As others have pointed out, it's not really frowned upon as much as it is inefficient for certain missions. It takes a small amount more delta-v to get into than an equatorial orbit and it's harder to rendezvous to a polar orbit than an equatorial one.

The bigger issue is on interplanetary transfers. A polar orbit means that your velocity vectors (ship relative to planet and planet relative to star) aren't parallel, so your star-relative velocity is quite a bit lower, meaning you need a bigger transfer burn to reach your transfer orbit. On top of that, the planet relative velocity vector is large enough to give you a seriously inclined transfer orbit, which can cause you to need expensive course corrections.

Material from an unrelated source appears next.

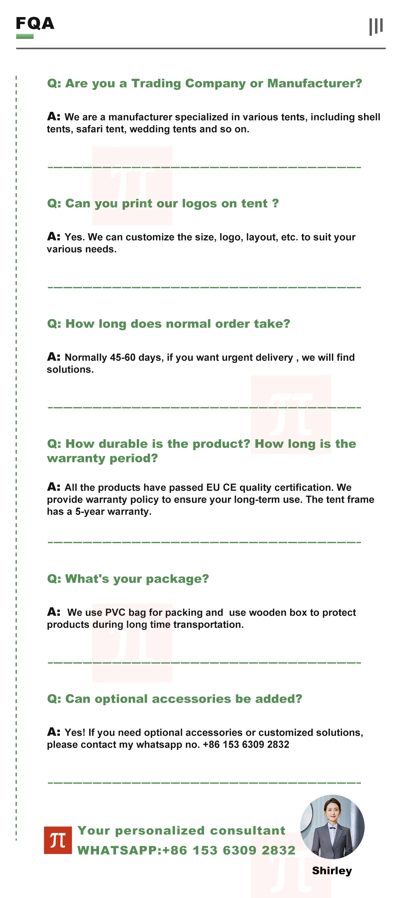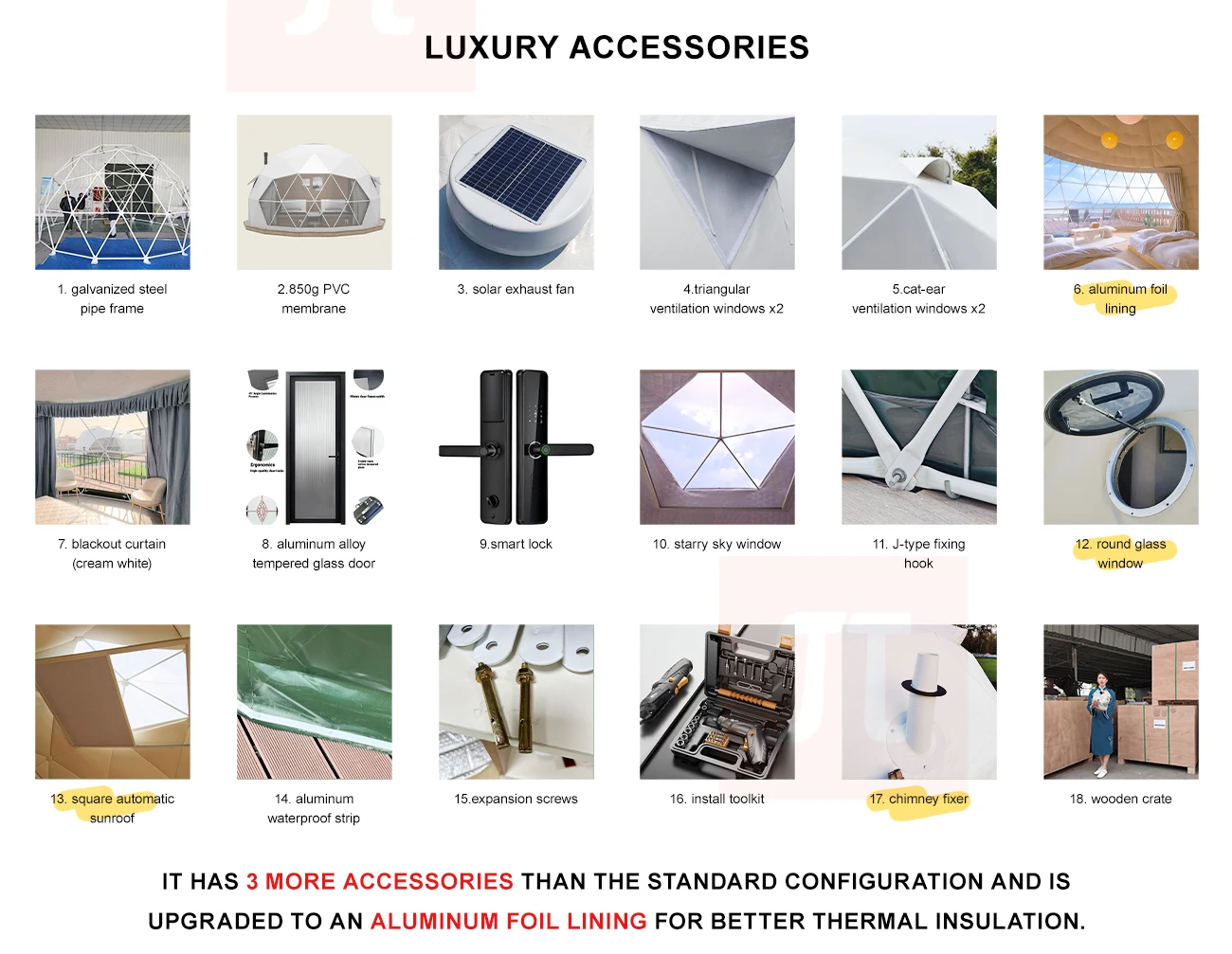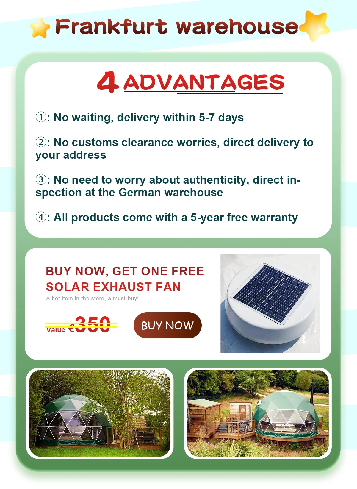 Accessories included:outer tarpaulin, steel frame, thermal insulation inner cotton, glass door, electronic password lock, air window, ventilation window, solar fan, installation tools, etc.
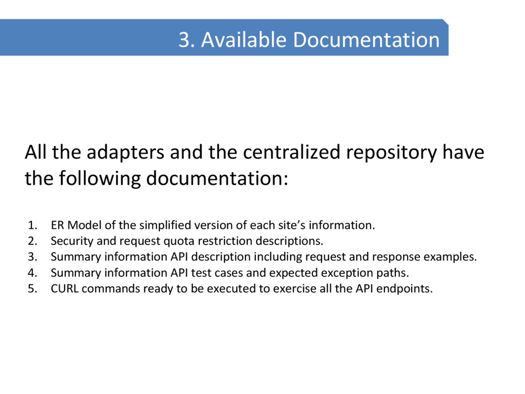 have the following documentation: 1. ER Model of the simplified version of each site’s information. 2. Security and request quota restriction descriptions. 3. Summary information API description including request and response examples. 4. Summary information API test cases and expected exception paths. 5. CURL commands ready to be executed to exercise all the API endpoints.

Kerbin's orbital velocity, according to the wiki, is 9284.5 m/s. A normal orbital velocity for Kerbin is about 230-2400 m/s. So, in an equatorial orbit, your peak star-relative velocity is 9284.5 +2300 m/s, or 11584.5 m/s. In a polar orbit, your peak star-relative velocity would be sqrt(9284.5² + 2300+2) m/s or 9565.14 m/s. Now, the oberth effect means that the transfer burn wouldn't need the full 2019.36 m/s compensation, but it does still mean that the transfer burn would have to be larger, hence less efficient.

I'm not sure how much this affects travel to the Mun or Minmus, as it won't affect the transfer orbit burn, but it will affect the capture burn since the ship's velocity isn't parallel to the target body's velocity.

But, as others have pointed out, polar orbits aren't frowned upon for those missions that they're appropriate for. In fact, in career mode, my first mission that I plan on doing EVA reports during is always a polar orbit, just because without a near-polar orbit, you're going to miss a few biomes (assuming that you can't still get tundra biome science in an equatorial orbit, but that could easily be a bad assumption).